INFORMATION PROVIDED:
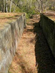 | Keywords: Lock 61 chesapeake and Ohio canal from NPS.jpg en Lock 61 on C and O Canal Nps site says Lock 61 is the third of the 13 composite locks and had a 10 lift These locks differ from the other locks on the canal Between the upper end of the lower gate pockets to the lower end of the upper gate pockets the stone walls were moved 9 ΒΌΒ° on each side resulting in a clear dimension between lock walls of 16 -16 Β½ rather that the 15 previously adhered to The normal clear dimension was resumed both up and down from these points The walls were of rough-cut and rough-coursed limestone principally dry-laid where the walls were widened and mortared in the other areas The wider area was filled in with 5 ΒΌ square timbers This wooden section of the lock was water-proofed at first by being kyanized and later with creosote The wood timbers required frequent replacing and around 1900 many repairs were made by stripping out the wood and pouring a cement liner This was the case at Lock 61 Shortly after its construction an extra 2 2 height of stone wall was added from the lower end of the upper gate pocket The normal gate was 14 high 8 rise plus 6 prism depth but due to the 10 rise these locks 16 high gates were required The 2 addition to Lock 61 required and unusually high gate of 18 The upper berm wingwall runs perpendicular to the lock for 31 to the inflow of the bypass flume This long wall is buttressed at about mid-point by a thickening of 3 6 for a 3 3 distance On the upper towpath wingwall a 3 3 buttress is placed after a 9 run of wall After a straight run of 13 the lower extension walls splay out at a 60Β° angle for about 15 and the lower berm then runs for 19 perpendicular to the lock to the outflow of the bypass flume National Park Service http //www hscl cr nps gov/insidenps/report asp STATE PARK CHOH STRUCTURE SORT RECORDNO 950 National Park Service Dept of Interior US Government Chesapeake Ohio Canal National Historical Park Locks water transport PD-USGov |
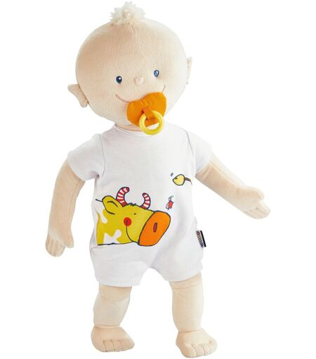 Die Kuschelpuppe Krümel von HABA eignet sich dank ihres weichen Körpers und aufgestickten Gesichts bereits für kleine Puppeneltern ab 18 Monaten. Kuschelpuppe Krümel von HABA 43 cm inkl. Body und magnetischem Schnuller aufgesticktes Gesicht Weichkörper mit Granulatfüllung im Po Obermaterial und Füllung aus Polyester, Body aus Baumwolle ab 18 Monaten geeignet Die niedliche Stoffpuppe Krümel von HABA eignet sich bereits für Kinder ab 18 Monaten. Sie ist so weich und anschmiegsam, dass sie hervorragend als Einschlafhilfe und Schmusebegleitung verwendet werden kann. Dank einer Granulatfüllung im Po nimmt Krümel auch gern für fantasievolle Rollenspiele auf dem Schoß kleiner Puppeneltern Platz. Sie können ihm den bedruckten Body wechseln oder ihn im Spiel mit dem magnetischen Schnuller beruhigen. ...
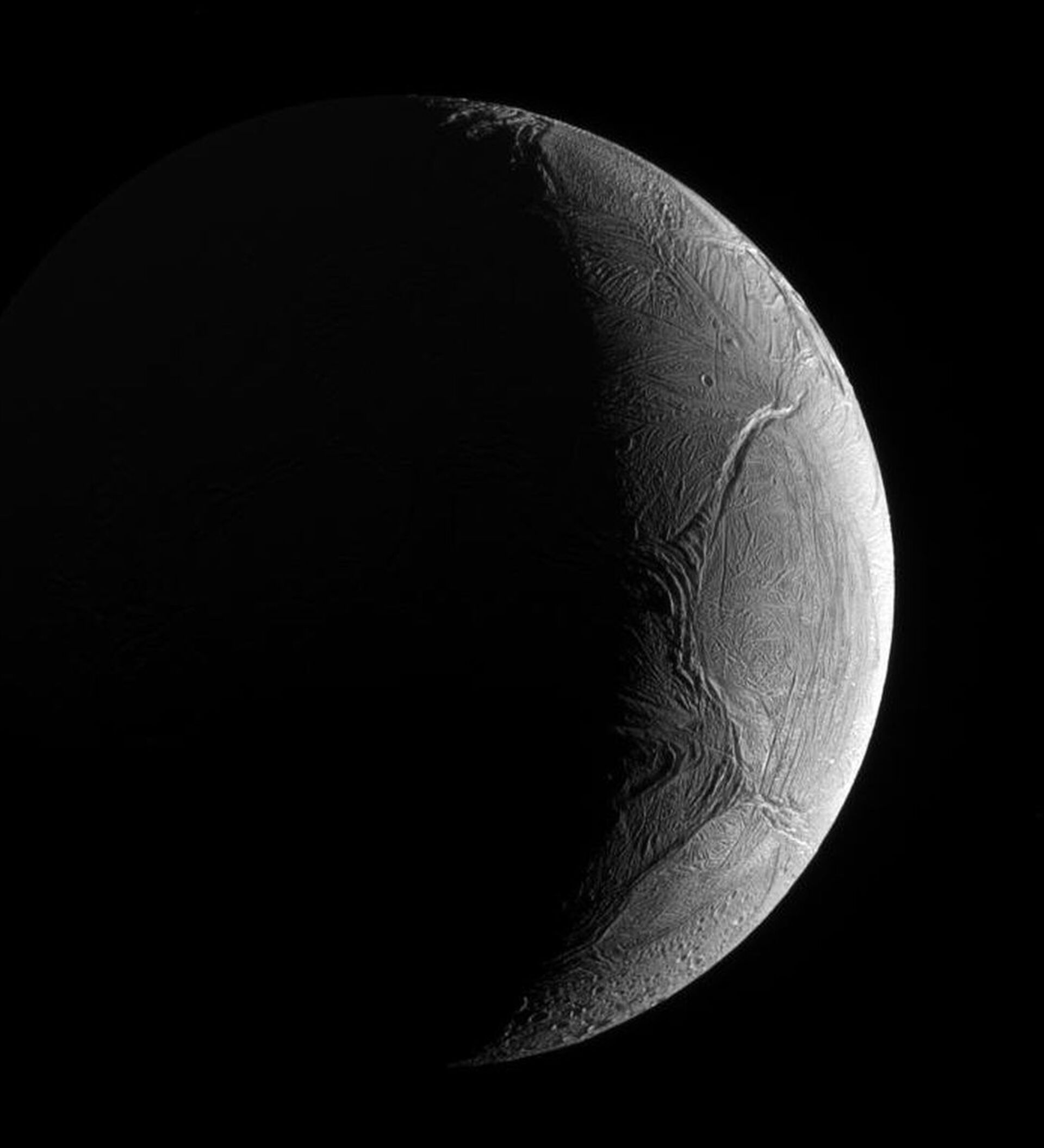 El mapa global infrarrojo de la luna, hecho con datos recopilados por la sonda Cassini, es el más detallado de su tipo jamás creado por la NASA. Según la agencia espacial estadounidense, estas imágenes proporcionan "una fuerte evidencia" de que el hemisferio norte de Encélado ha sido repavimentado con hielo de su interior.

WORK INSTRUCTIONS:
Everything but the pictures is needed: copy the data above exactly.

SOLUTION FOR THIS EXERCISE:
 | Keywords: Lock 61 chesapeake and Ohio canal from NPS.jpg en Lock 61 on C and O Canal Nps site says Lock 61 is the third of the 13 composite locks and had a 10 lift These locks differ from the other locks on the canal Between the upper end of the lower gate pockets to the lower end of the upper gate pockets the stone walls were moved 9 ΒΌΒ° on each side resulting in a clear dimension between lock walls of 16 -16 Β½ rather that the 15 previously adhered to The normal clear dimension was resumed both up and down from these points The walls were of rough-cut and rough-coursed limestone principally dry-laid where the walls were widened and mortared in the other areas The wider area was filled in with 5 ΒΌ square timbers This wooden section of the lock was water-proofed at first by being kyanized and later with creosote The wood timbers required frequent replacing and around 1900 many repairs were made by stripping out the wood and pouring a cement liner This was the case at Lock 61 Shortly after its construction an extra 2 2 height of stone wall was added from the lower end of the upper gate pocket The normal gate was 14 high 8 rise plus 6 prism depth but due to the 10 rise these locks 16 high gates were required The 2 addition to Lock 61 required and unusually high gate of 18 The upper berm wingwall runs perpendicular to the lock for 31 to the inflow of the bypass flume This long wall is buttressed at about mid-point by a thickening of 3 6 for a 3 3 distance On the upper towpath wingwall a 3 3 buttress is placed after a 9 run of wall After a straight run of 13 the lower extension walls splay out at a 60Β° angle for about 15 and the lower berm then runs for 19 perpendicular to the lock to the outflow of the bypass flume National Park Service http //www hscl cr nps gov/insidenps/report asp STATE PARK CHOH STRUCTURE SORT RECORDNO 950 National Park Service Dept of Interior US Government Chesapeake Ohio Canal National Historical Park Locks water transport PD-USGov |
 Die Kuschelpuppe Krümel von HABA eignet sich dank ihres weichen Körpers und aufgestickten Gesichts bereits für kleine Puppeneltern ab 18 Monaten. Kuschelpuppe Krümel von HABA 43 cm inkl. Body und magnetischem Schnuller aufgesticktes Gesicht Weichkörper mit Granulatfüllung im Po Obermaterial und Füllung aus Polyester, Body aus Baumwolle ab 18 Monaten geeignet Die niedliche Stoffpuppe Krümel von HABA eignet sich bereits für Kinder ab 18 Monaten. Sie ist so weich und anschmiegsam, dass sie hervorragend als Einschlafhilfe und Schmusebegleitung verwendet werden kann. Dank einer Granulatfüllung im Po nimmt Krümel auch gern für fantasievolle Rollenspiele auf dem Schoß kleiner Puppeneltern Platz. Sie können ihm den bedruckten Body wechseln oder ihn im Spiel mit dem magnetischen Schnuller beruhigen. ...
 El mapa global infrarrojo de la luna, hecho con datos recopilados por la sonda Cassini, es el más detallado de su tipo jamás creado por la NASA. Según la agencia espacial estadounidense, estas imágenes proporcionan "una fuerte evidencia" de que el hemisferio norte de Encélado ha sido repavimentado con hielo de su interior.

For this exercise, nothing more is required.